▶ Problem to solve
Leave out the images and output the records word for word.

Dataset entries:
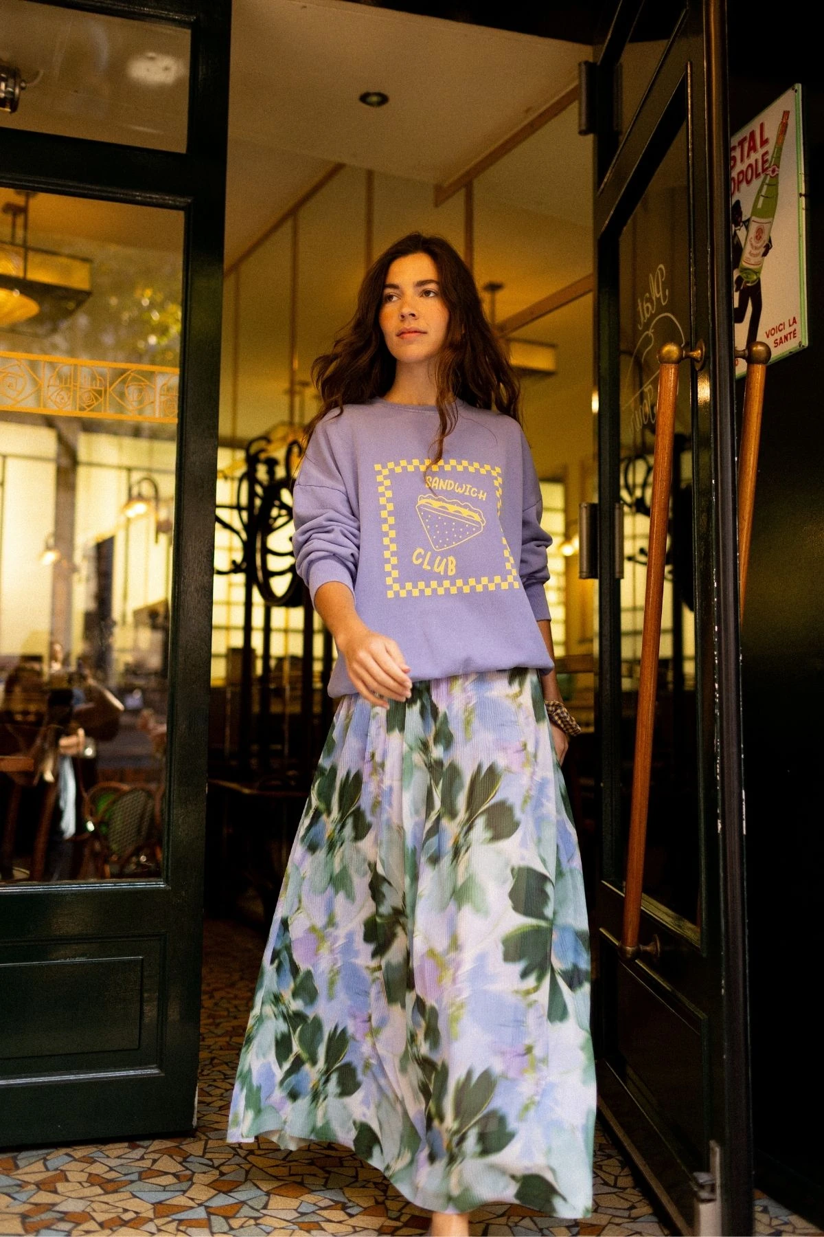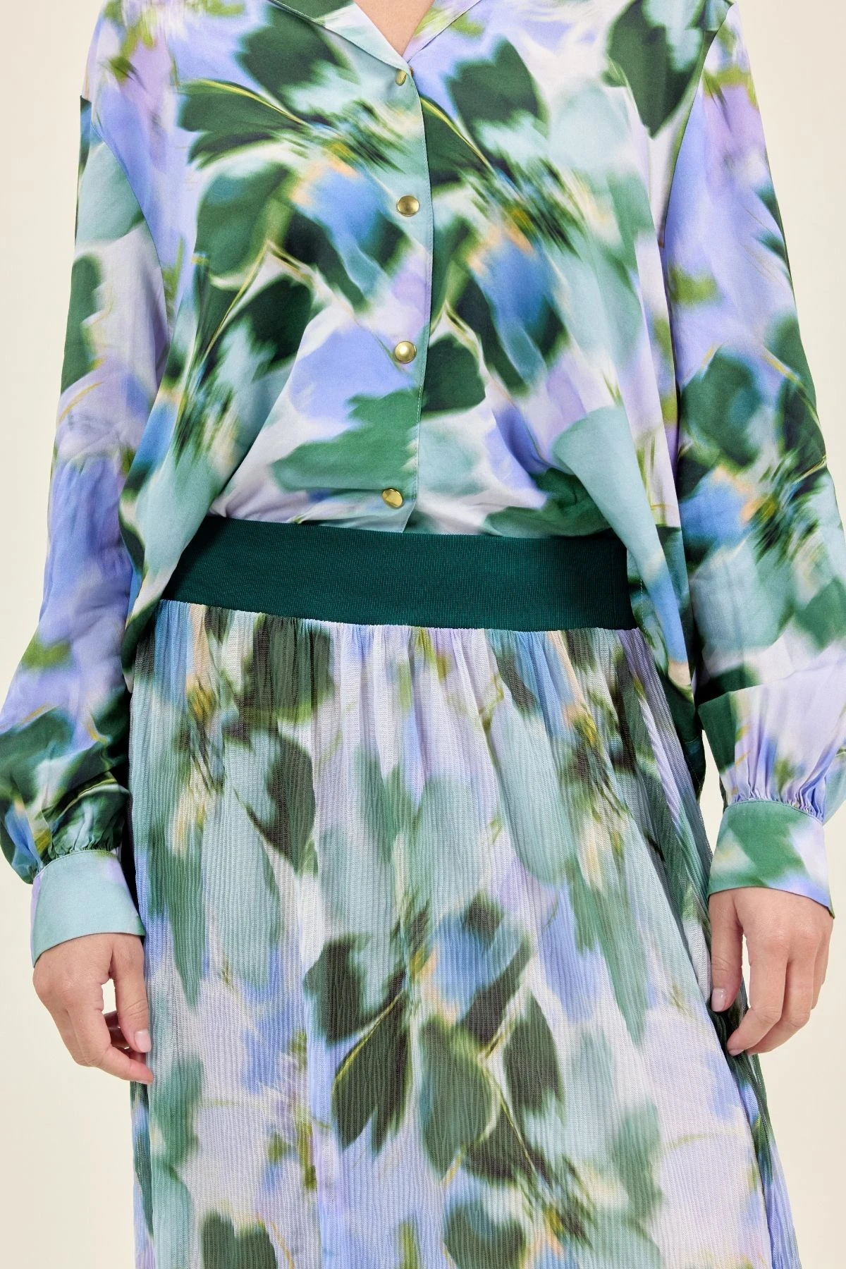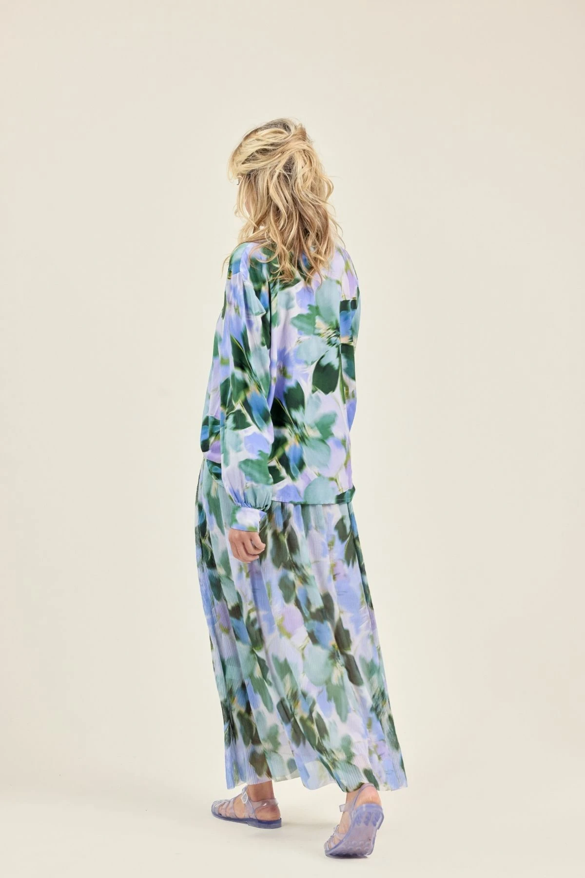 La jupe longue JANYA plissée séduit par son tissu fluide imprimé all-over légèrement transparent, entièrement doublée pour confort et opacité. Ceinture en bord-côte uni contrastant pour une touche moderne et sportive. L’alliance du plissé et de la ceinture apporte élégance et style contemporain à vos tenues.
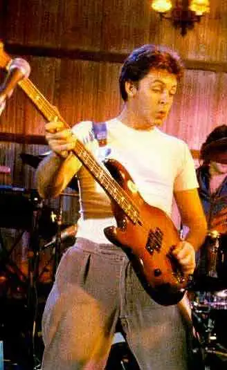 huendeskes 1979 YAMAHA BB1200 neck-through bass guitar with original hard case for sale. Paul McCartney played exactly this model in Wings for a while (from '79 to the early '80s). Made in Japan. (Rózsi Demjén also had a similar one in VMoto-Rock, but I think it also had a JB pickup at the bridge.)
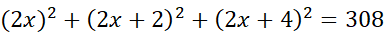 Trzy kolejne liczby parzyste to 2x, 2x + 2 i 2x + 4. Przyrównaj sumę ich kwadratów do 308 i wyznacz wartość x. Na koniec wyznacz dwa zestawy trzech liczb spełniających warunki zadania.
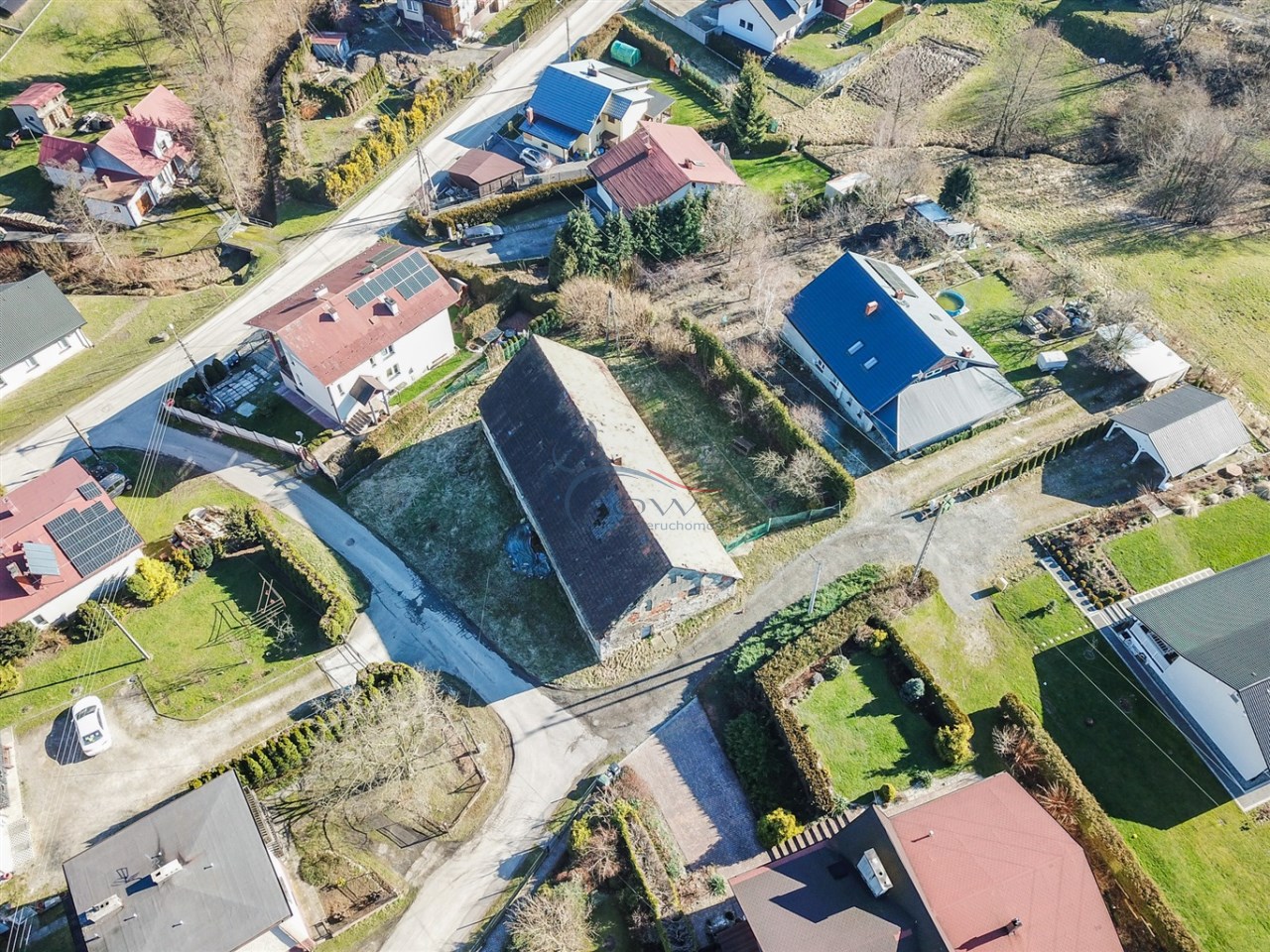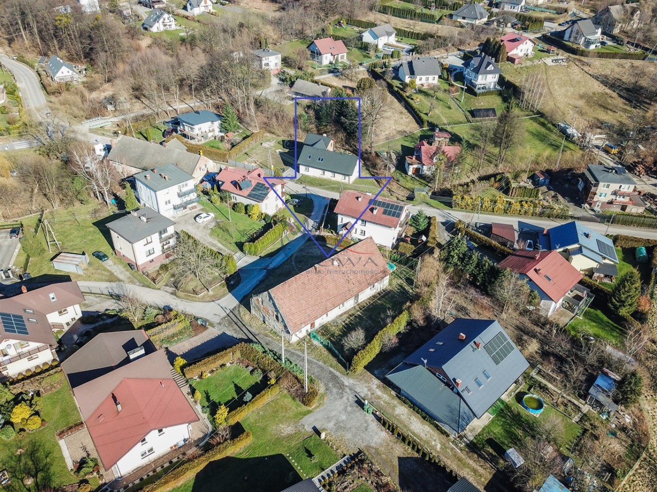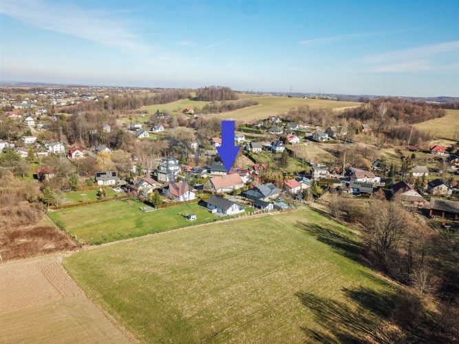 Dom położony w otoczeniu zabudowań jednorodzinnych.
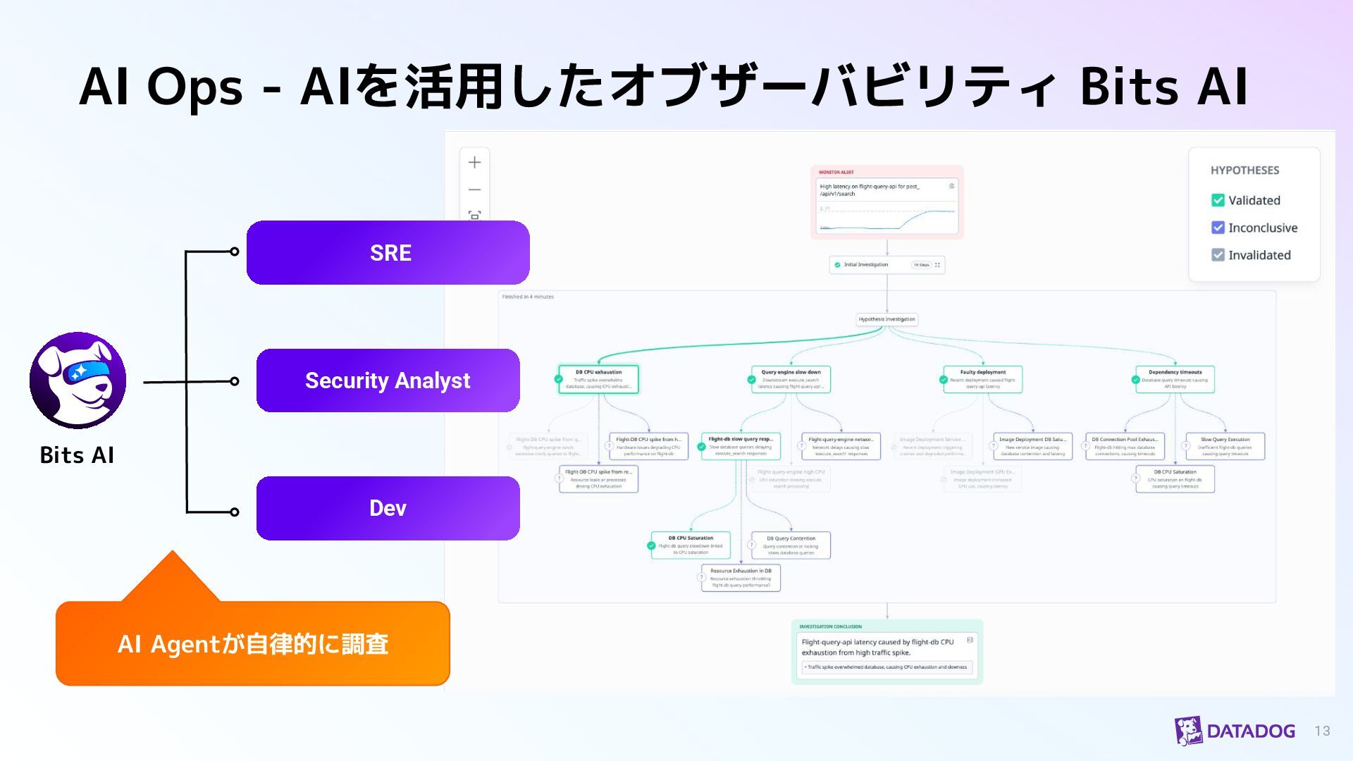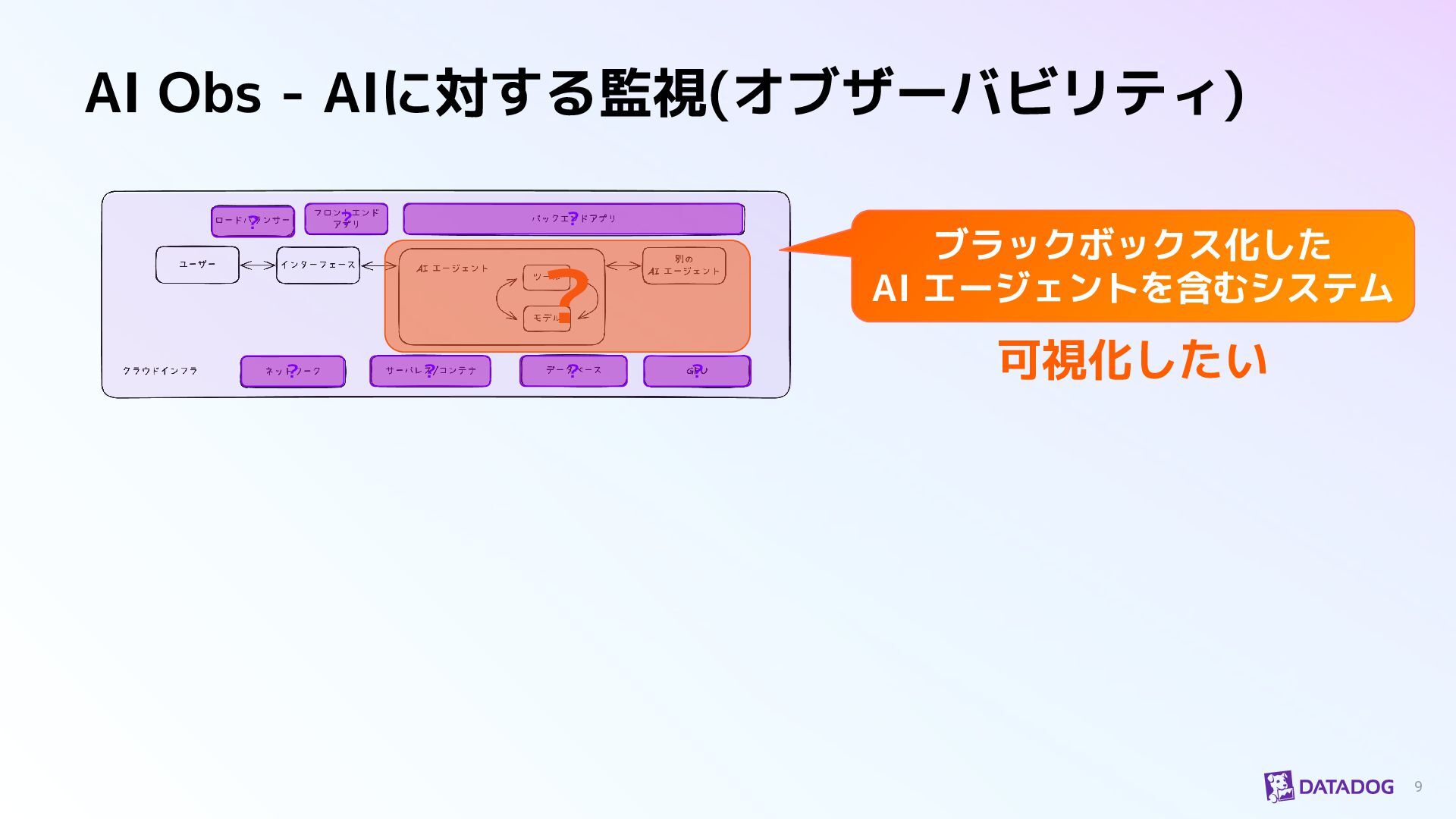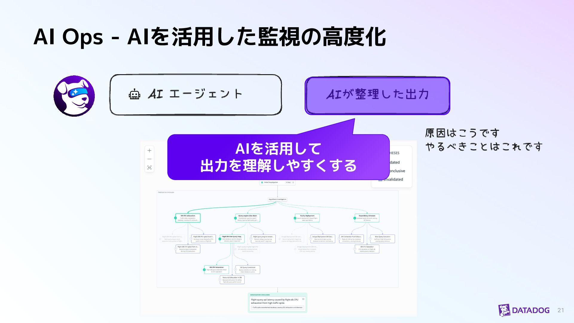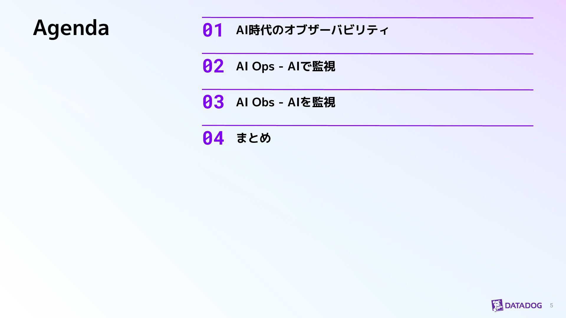 Datadogは「AIで監視する」AI Opsと、「AIを監視する」AI Obsという二つの側面から、AI時代のオブザーバビリティを支援します。
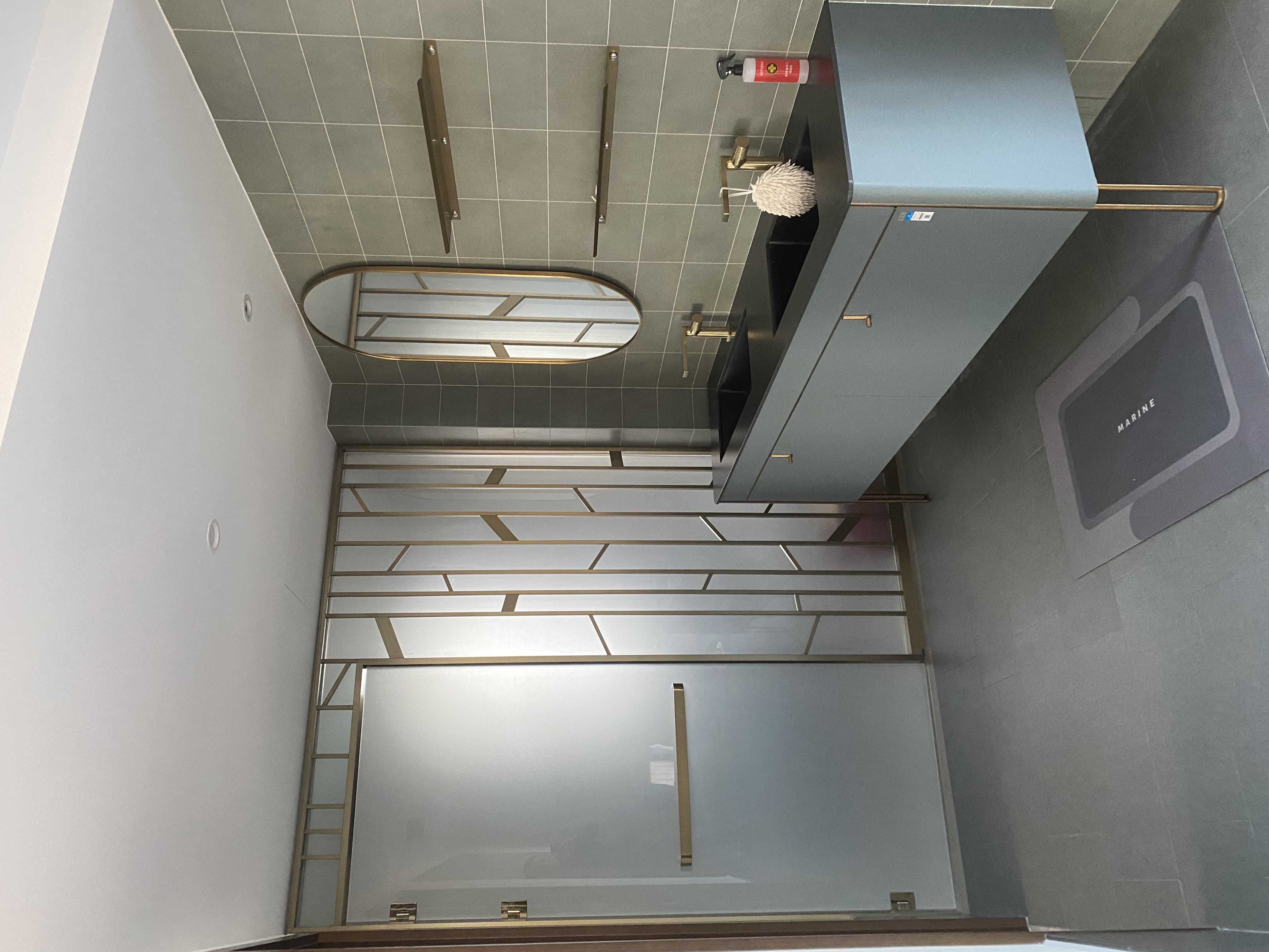 The main color scheme is grey, creating a calm and grand atmosphere. Paired with golden metallic materials, it adds a sense of refinement and luxury.

▶ Response box
 La jupe longue JANYA plissée séduit par son tissu fluide imprimé all-over légèrement transparent, entièrement doublée pour confort et opacité. Ceinture en bord-côte uni contrastant pour une touche moderne et sportive. L’alliance du plissé et de la ceinture apporte élégance et style contemporain à vos tenues.
 huendeskes 1979 YAMAHA BB1200 neck-through bass guitar with original hard case for sale. Paul McCartney played exactly this model in Wings for a while (from '79 to the early '80s). Made in Japan. (Rózsi Demjén also had a similar one in VMoto-Rock, but I think it also had a JB pickup at the bridge.)
 Trzy kolejne liczby parzyste to 2x, 2x + 2 i 2x + 4. Przyrównaj sumę ich kwadratów do 308 i wyznacz wartość x. Na koniec wyznacz dwa zestawy trzech liczb spełniających warunki zadania.
 Dom położony w otoczeniu zabudowań jednorodzinnych.
 Datadogは「AIで監視する」AI Opsと、「AIを監視する」AI Obsという二つの側面から、AI時代のオブザーバビリティを支援します。
 The main color scheme is grey, creating a calm and grand atmosphere. Paired with golden metallic materials, it adds a sense of refinement and luxury.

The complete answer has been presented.